Joseph A. Rose is an SSA Administrative Law Judge at the Cleveland (Ohio) Hearing Office with a lifetime approval rate of 59% across 25,337 decisions. This sits slightly above the national average of 58%. While your judge's recent approval rate reached 67%, these aggregate rates describe past decisions, not predictions for your specific hearing. An attorney can help you prepare for your hearing with this judge.
This page presents publicly available SSA Office of Hearings Operations disposition data, with no editorial rating or evaluation. ALJs are independent decisionmakers; aggregate statistics describe past patterns, not predictions of how any individual case will be decided. Information here is provided for hearing preparation, not as legal advice.
Approval rates
In the most recent reporting period, Judge Rose maintained an approval rate of 67%, which is 6 percentage points higher than the Cleveland Hearing Office average of 53%. This performance also exceeds both the state average of 56% and the national average of 58%. With 25,337 lifetime decisions over a 10-year tenure, the data provides a look at his decision-making history. These aggregate rates describe past decisions rather than predicting the outcome of your individual hearing.
Office- and national-level breakdowns of fully favorable vs denial rates aren't currently published by SSA in the per-office disposition data. The judge's own breakdown is the detail we have today.
Approval rate over time
Year-over-year approval rate across Judge Rose's docket. Annual rates fluctuate with the mix of cases SSA assigns; the longer-run pattern is more informative than any single year.
Decision pattern
Over his 10 years on the bench, Judge Rose has shown a stable decision pattern. While his annual approval rates have fluctuated between 54% and 66%, the trend shows a consistent approach to evaluating the merits of each claim. His most recent performance of 67% represents a high point in his career, suggesting a recent shift in case outcomes. This pattern reflects a continuation of his steady approach to the evidence presented in your case.
Preparing for an SSDI hearing
The guidance below applies to any SSDI hearing, not specifically to Judge Rose's bench. Judge-specific preparation guidance requires a corpus of public Appeals Council decisions involving each judge, which we haven't built yet.
- Bring a clean treating-physician record. Longitudinal primary-care or specialist notes spanning the disability period, with consistent symptom documentation, are typically the strongest evidence at hearing. A single month's records usually aren't enough.
- Don't rely on consultative exams alone. If your medical evidence is built primarily around a one-time CE finding, expect detailed questioning. Supplement with treating-source statements where possible.
- Prepare for daily-activity questions. Have honest, specific answers about a typical day. Answers that conflict with the medical record (in either direction) tend to hurt credibility.
- Expect transferable-skills probing. A vocational expert will usually testify about jobs available to someone with your limitations. Your representative should be prepared to cross-examine.
Hearing with Judge Rose?
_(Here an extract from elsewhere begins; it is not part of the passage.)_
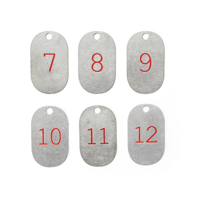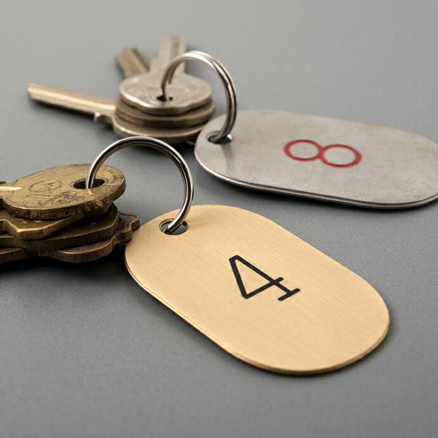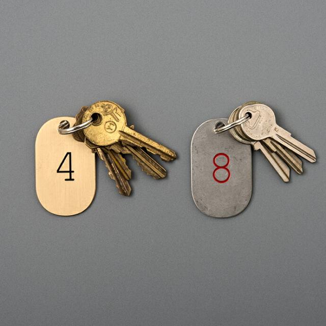 1から12までの番号が刻印された、真鍮製のキータグ。

See if a free benefits review fits your case.
Check My BenefitsAbout the Cleveland hearing office
The Cleveland (Ohio) Hearing Office serves a large population across the region, managing a high volume of SSDI claims. With a bench of 6 judges, the office handles complex disability cases requiring careful medical and vocational analysis. The office-wide latest approval rate is 53%, reflecting the standards applied to all claims in this jurisdiction. You can see the Cleveland (Ohio) Hearing Office page for the full ALJ roster.
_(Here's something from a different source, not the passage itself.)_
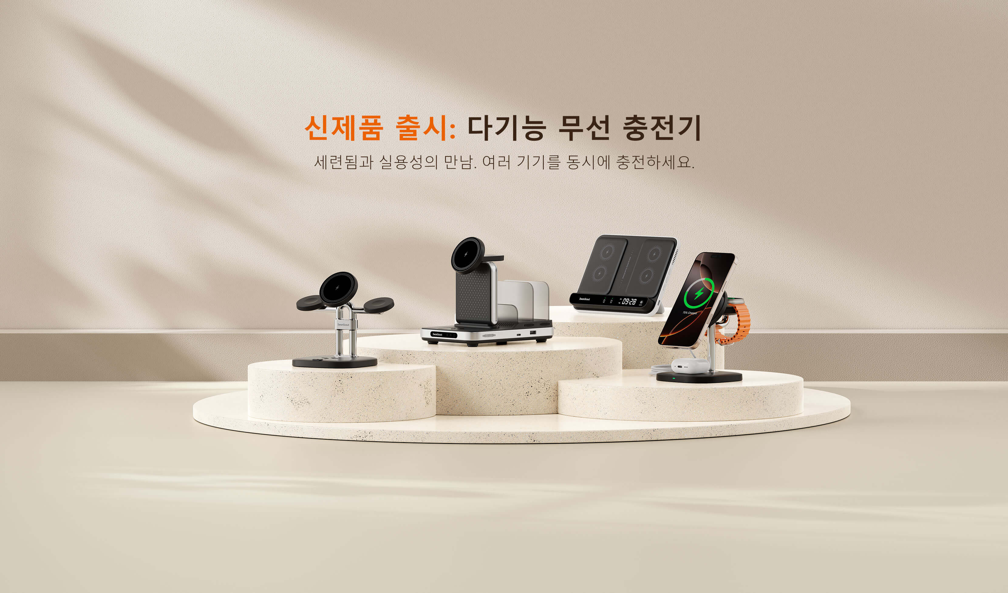 "이 제품은 잘 만들어졌으며 휴대폰, 이어버드, 시계를 동시에 충전할 수 있는 기능을 제공합니다. 시계 기능이 있어 침대 옆 테이블에 딱 맞습니다. 밤에 모든 것을 충전하여 하루 종일 사용할 수 있습니다."

Other judges at this hearing office
The Social Security Administration assigns cases through a workload-balancing algorithm, meaning your assignment to Judge Rose is essentially random. Across the Cleveland Hearing Office, lifetime approval rates for the bench range from 44% to 65%. Because each judge operates with different preferences for evidence, your experience may vary depending on who is assigned to your hearing. The guidance for your preparation remains consistent regardless of which judge is assigned.